Sure, the North American underground yielded other bassless duos in that era — there was the itchy art of Athens’ Method Actors, the cool schlock of Montreal’s Deja Voodoo, the rousing Richmond-via-Los Angeles House of Freaks, to name a few. None could of them could quite match the reckless abandon of the Flat Duo Jets at full throttle, nor the deep vein of old-time rock’n’roll they mined for their repertoire. The Jets made their legend on the 1984 cassette demo In Stereo, wherein guitarist Dexter Romweber howls with vein-poppin’ fervor while drummer Chris “Crow” Smith plays like the ceiling falling down. The two eventually added a bassist for their 1990 eponymous debut album, recorded live in the studio with, quite helpfully, just a smidgen less mania. The results showcase their greasy styles for miles, the twangy reverb on Romweber’s Danelectro guitar a pleasing counterpart to his unmannered rockabilly tenor.

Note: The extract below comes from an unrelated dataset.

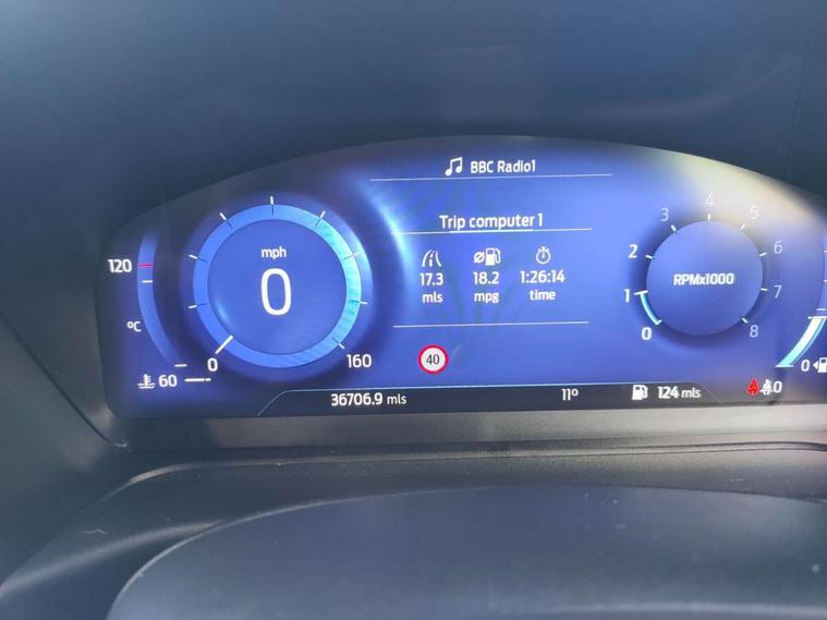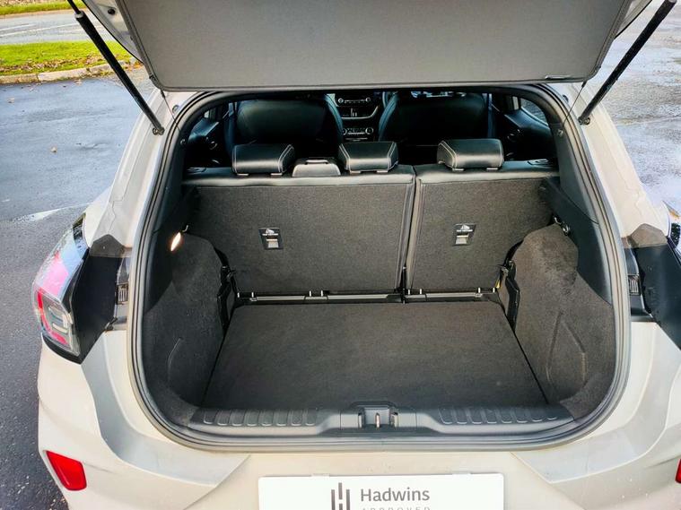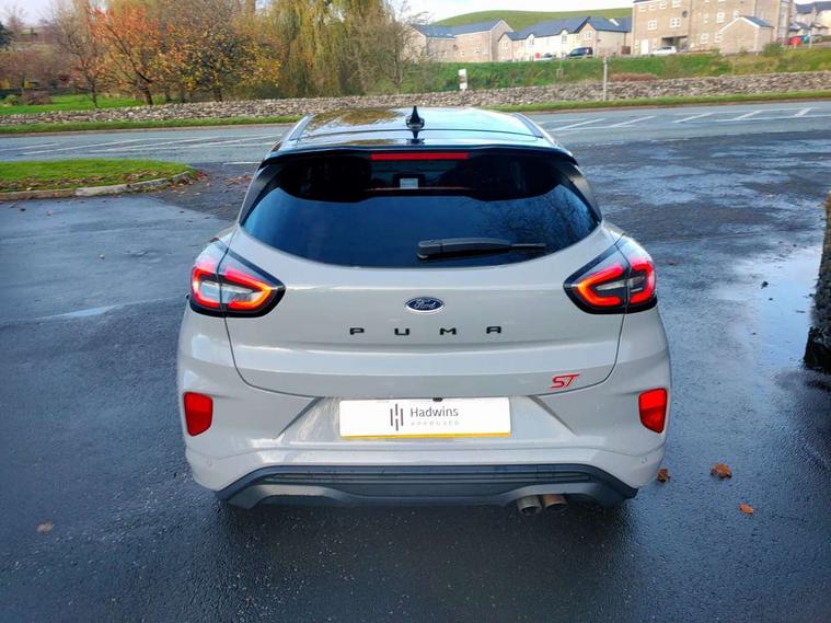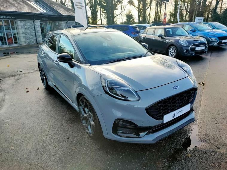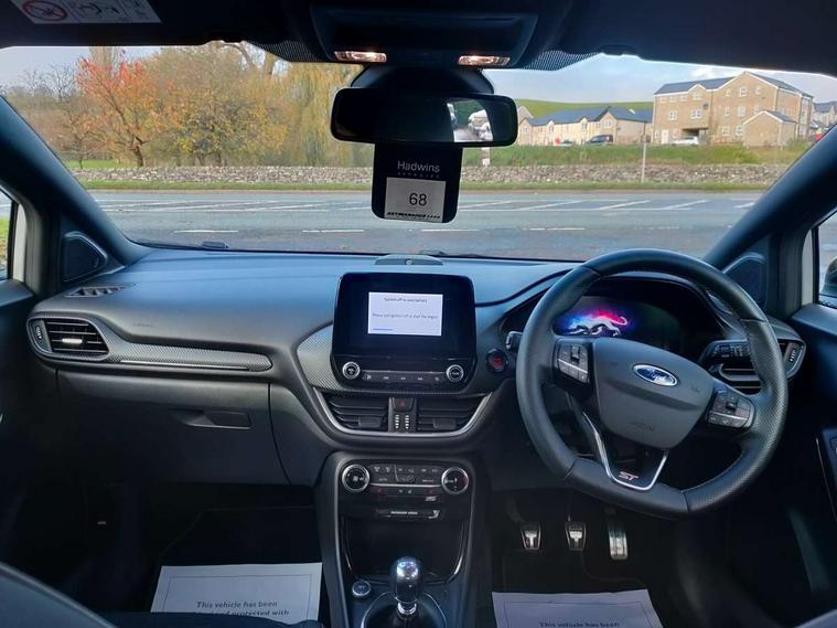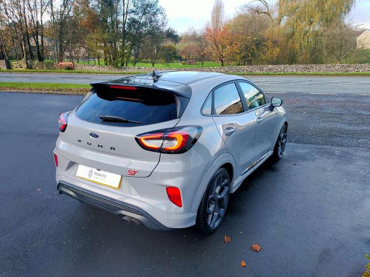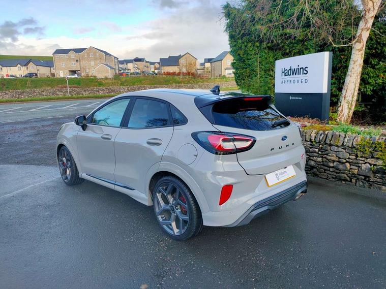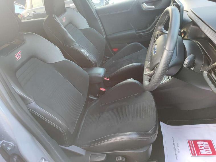 Cruise control, Ford easy fuel, Front parking sensor, Full digital 12.3" instrument cluster, Lane keeping aid with lane departure warning, Power assist steering, Power start button, Rear parking sensor, Selectable drive modes (normal, sport, eco, track), Wireless charging pad, Engine sound enhancer, ST suspension, Automatic headlights with rain sensing wipers and auto high beam, Black door mirrors, Dual chrome exhaust, Fixed LED headlamps, Front fog lights with cornering lights and LED rear lamps, Gloss black with chrome elements on front and rear bumpers, High chrome waistline, LED daytime running lights, Power foldable heated door mirrors with puddle lamps, Privacy glass to side rear windows and tailgate glass, Quickclear heated windscreen, Rear wiper, ST scuff plates, Unique ST elements to front and rear body styling kit including Ford Performance embossed splitter, Alloy sports pedals, Centre console with armrest and stowage, Ford megabox extended bootspace, Front and rear floor mats, Front and rear head restraints, Heated front seats, Heated steering wheel, Lumbar massage for driver and passenger, Manual air conditioning, Premium sensico wrapped instrument cluster, Recaro sport seats partial leather upholstery, ST flat bottomed steering wheel with metal grey stitching, ST logo projection, Unique ST gear shift knob, Wireless charging pad with electronic air temperature control (EATC), B&O Premium Audio system + Ford SYNC 3 navigation pack - Puma, 3 rear seatbelts, Electronic stability control (ESC) and hill start assist, Pre-collision assist with autonomous emergency braking, pedestrian/cyclist detection & post-collision braking, Red brake calipers, Tyre pressure monitoring system (TPMS), Thatcham alarm, Carbon look interior deco spears, Tyre inflation kit,
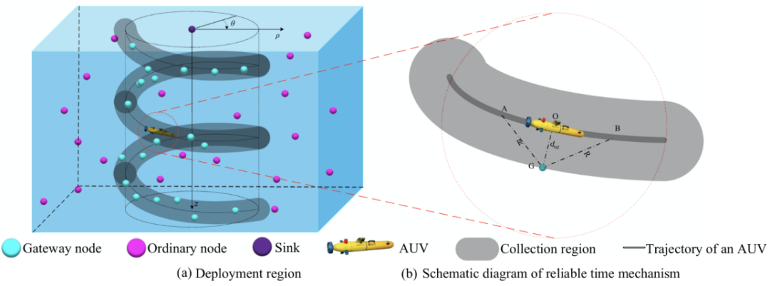为降低水声通信长时延和不稳定性对AUV之间信息交互的影响,进一步提升多AUV协作数据收集的效率,韩光洁团队提出了一种基于AUV状态预测的数据收集算法。通过位于不同收集区域内的节点簇之间的信任共享,实现不同区域内AUV之间的状态预测。根据状态预测的结果,使用启发式策略更新各区域内AUV的路径,并设计一种数据转发调度机制合理分配AUV和移动sink之间重叠的数据卸载间隔来减少AUV的下潜次数,以延长AUV的工作时长。

Both of these releases plus a gaggle of tasty outtakes are compiled on the new Wild Wild Love. The Flat Duo Jets are still kicking to this day, but this two-CD collection is far and away the best introduction anyone needs to their music, making clear their influence on later groups like the Jon Spencer Blues Explosion and the White Stripes. Even if you’re agnostic about rockabilly, Wild Wild Love valuably documents maybe the last cohort of the American music underground with a direct, unironic connection to the regional and stylistic foundations of rock’n’roll.

FDJ

Wild Wild Love is out now on Daniel 13.